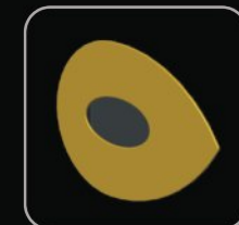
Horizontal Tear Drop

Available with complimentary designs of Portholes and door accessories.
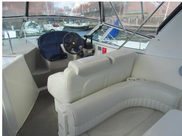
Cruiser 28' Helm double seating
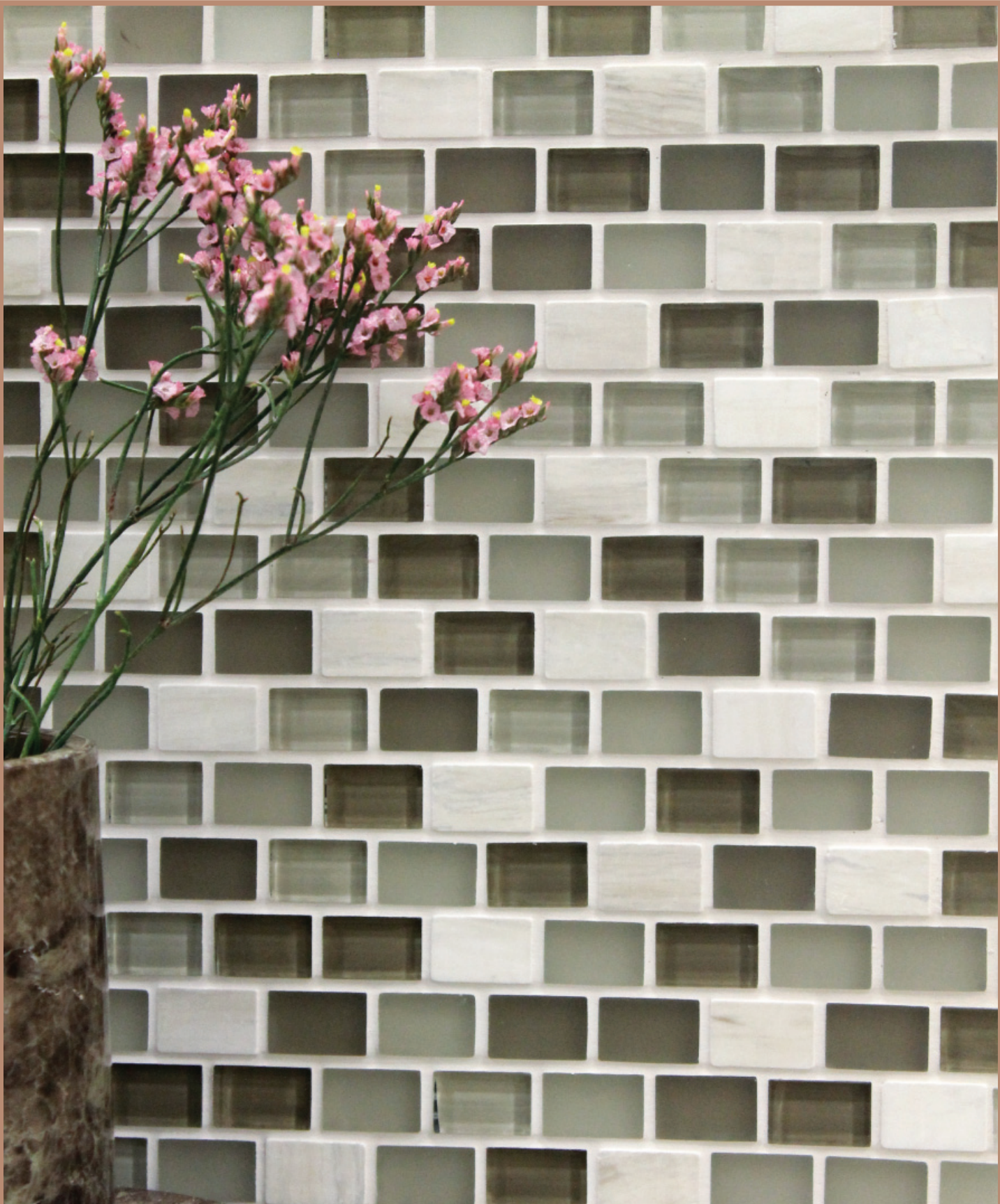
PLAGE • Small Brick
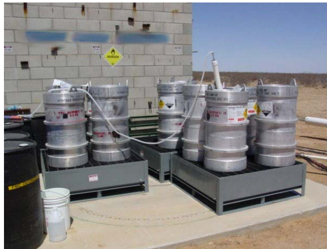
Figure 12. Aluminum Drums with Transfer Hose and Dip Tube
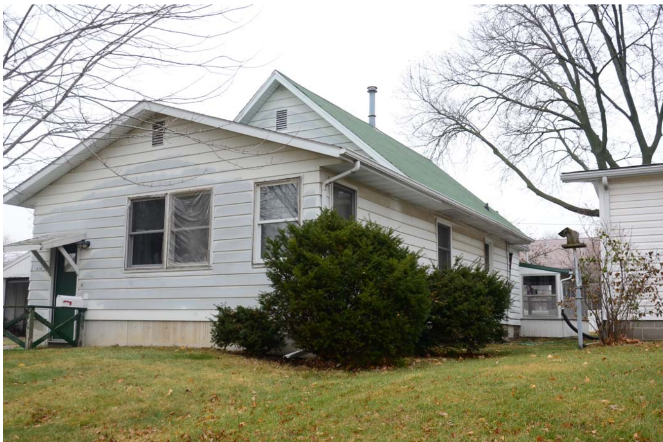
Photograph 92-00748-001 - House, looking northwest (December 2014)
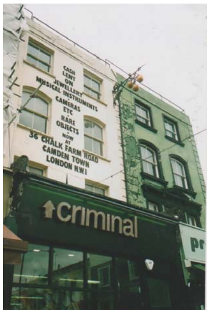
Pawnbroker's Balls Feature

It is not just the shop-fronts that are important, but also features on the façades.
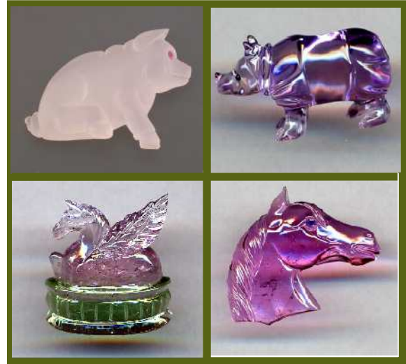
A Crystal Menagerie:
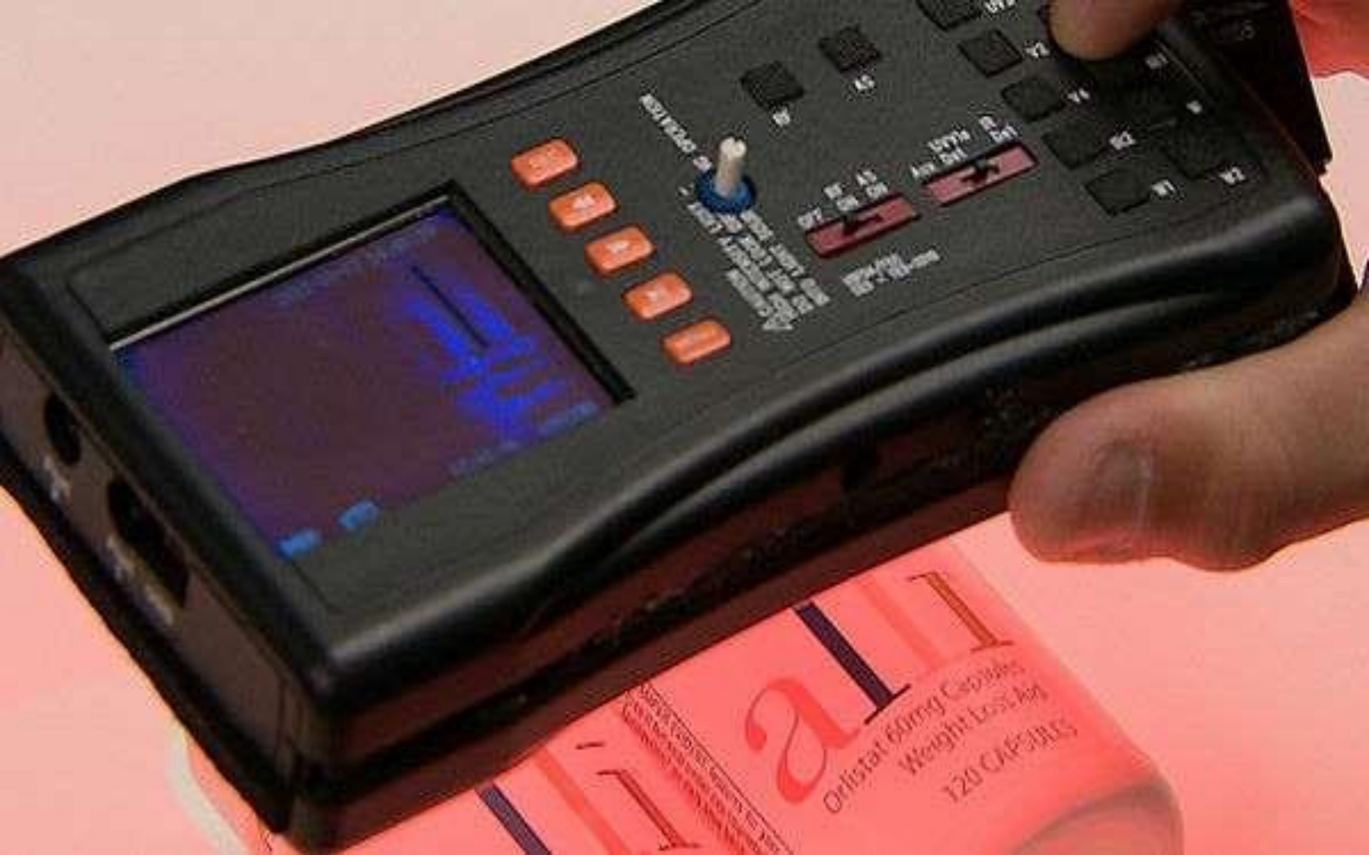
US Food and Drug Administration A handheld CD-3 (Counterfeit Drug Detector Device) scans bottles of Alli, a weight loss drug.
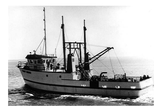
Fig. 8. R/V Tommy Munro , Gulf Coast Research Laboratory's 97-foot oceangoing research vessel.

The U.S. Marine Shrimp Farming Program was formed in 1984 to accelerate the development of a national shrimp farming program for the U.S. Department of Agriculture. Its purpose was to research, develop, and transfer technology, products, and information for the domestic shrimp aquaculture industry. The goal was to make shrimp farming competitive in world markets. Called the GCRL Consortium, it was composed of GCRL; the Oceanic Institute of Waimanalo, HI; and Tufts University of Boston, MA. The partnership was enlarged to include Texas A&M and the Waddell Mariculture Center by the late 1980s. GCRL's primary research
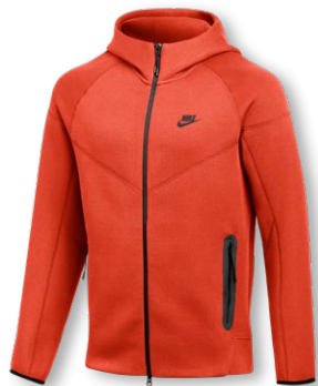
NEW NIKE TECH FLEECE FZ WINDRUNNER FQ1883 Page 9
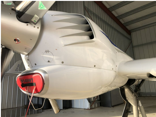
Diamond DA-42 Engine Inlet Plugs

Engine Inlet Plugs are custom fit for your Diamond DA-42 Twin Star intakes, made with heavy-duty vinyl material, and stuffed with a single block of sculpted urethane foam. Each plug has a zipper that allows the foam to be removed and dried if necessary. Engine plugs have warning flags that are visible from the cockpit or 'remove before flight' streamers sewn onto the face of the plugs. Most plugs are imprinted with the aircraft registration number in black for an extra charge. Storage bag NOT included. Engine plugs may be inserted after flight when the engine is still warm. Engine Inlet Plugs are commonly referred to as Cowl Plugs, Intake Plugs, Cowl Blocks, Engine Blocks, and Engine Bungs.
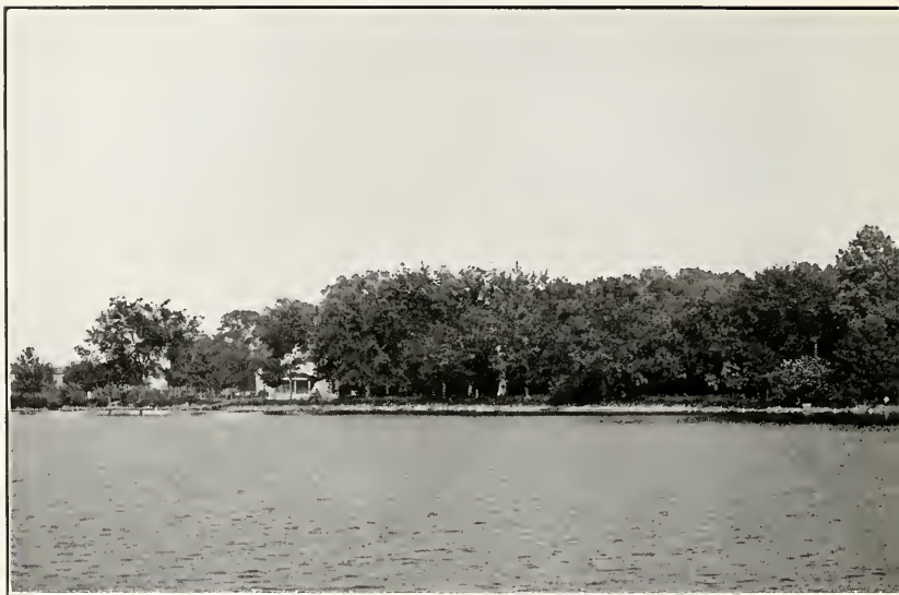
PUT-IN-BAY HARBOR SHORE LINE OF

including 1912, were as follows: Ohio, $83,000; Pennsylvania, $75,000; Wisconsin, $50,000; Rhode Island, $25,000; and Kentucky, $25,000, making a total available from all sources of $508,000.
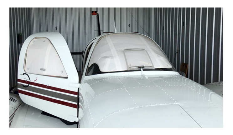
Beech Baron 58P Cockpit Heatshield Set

• • • • •

### Problem description
Leave out the pictures. Transcribe only the lines above, from the first through the one that contains "Pawnbroker's Balls Feature".

### Finished task
Horizontal Tear Drop

Available with complimentary designs of Portholes and door accessories.
Cruiser 28' Helm double seating
PLAGE • Small Brick
Figure 12. Aluminum Drums with Transfer Hose and Dip Tube
Photograph 92-00748-001 - House, looking northwest (December 2014)
Pawnbroker's Balls Feature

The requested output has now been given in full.